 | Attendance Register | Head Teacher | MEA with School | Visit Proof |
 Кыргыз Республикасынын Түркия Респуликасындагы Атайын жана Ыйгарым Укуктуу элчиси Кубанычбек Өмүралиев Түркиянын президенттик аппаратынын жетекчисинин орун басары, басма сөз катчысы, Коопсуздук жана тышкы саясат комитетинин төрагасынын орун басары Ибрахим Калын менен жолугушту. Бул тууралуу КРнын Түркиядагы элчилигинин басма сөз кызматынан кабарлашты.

○ ○ ○ ○ ○ ○ ○

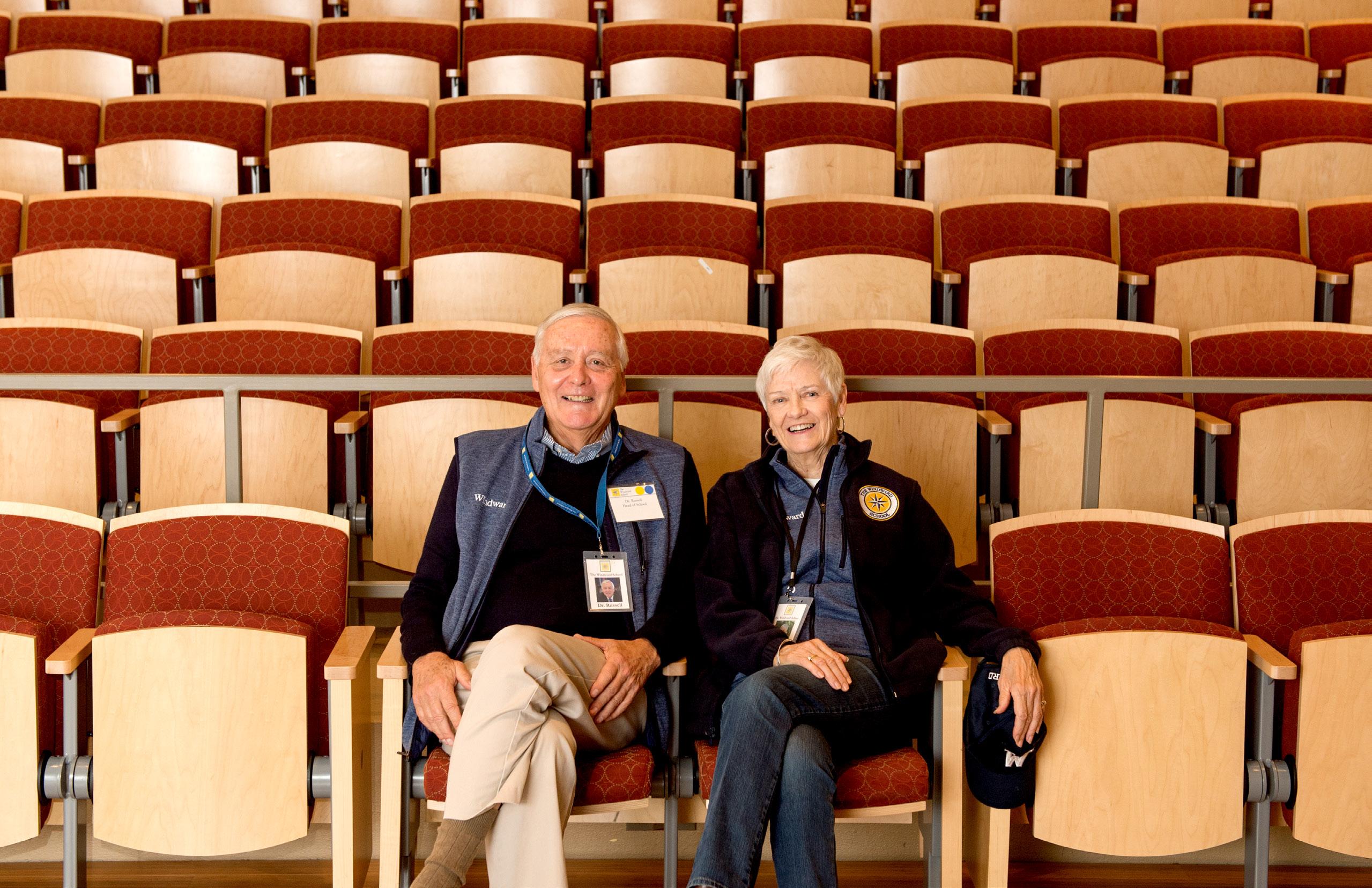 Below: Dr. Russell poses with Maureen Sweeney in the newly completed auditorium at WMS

○ ○ ○ ○ ○ ○ ○

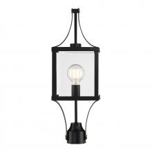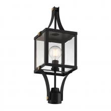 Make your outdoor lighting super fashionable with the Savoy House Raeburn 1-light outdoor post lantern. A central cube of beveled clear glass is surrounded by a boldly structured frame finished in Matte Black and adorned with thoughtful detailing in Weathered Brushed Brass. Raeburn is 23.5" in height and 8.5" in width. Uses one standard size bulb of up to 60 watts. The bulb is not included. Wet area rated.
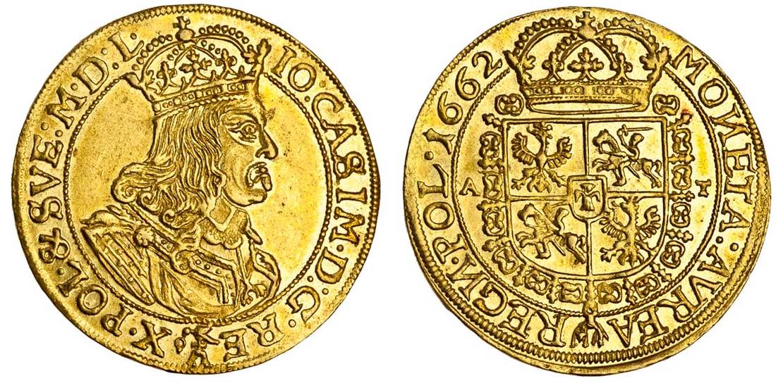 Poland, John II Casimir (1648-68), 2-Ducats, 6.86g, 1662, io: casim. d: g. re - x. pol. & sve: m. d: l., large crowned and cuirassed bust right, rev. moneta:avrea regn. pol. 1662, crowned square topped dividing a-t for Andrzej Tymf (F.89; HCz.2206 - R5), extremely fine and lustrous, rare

○ ○ ○ ○ ○ ○ ○

- Your goal
Transcribe, exactly and without additions, the lines of the records above, beginning with the line that contains "Visit Proof |" and ending with the line that contains "Кыргыз Республикасынын Түркия", both included.

- Written answer
 | Attendance Register | Head Teacher | MEA with School | Visit Proof |
 Кыргыз Республикасынын Түркия Респуликасындагы Атайын жана Ыйгарым Укуктуу элчиси Кубанычбек Өмүралиев Түркиянын президенттик аппаратынын жетекчисинин орун басары, басма сөз катчысы, Коопсуздук жана тышкы саясат комитетинин төрагасынын орун басары Ибрахим Калын менен жолугушту. Бул тууралуу КРнын Түркиядагы элчилигинин басма сөз кызматынан кабарлашты.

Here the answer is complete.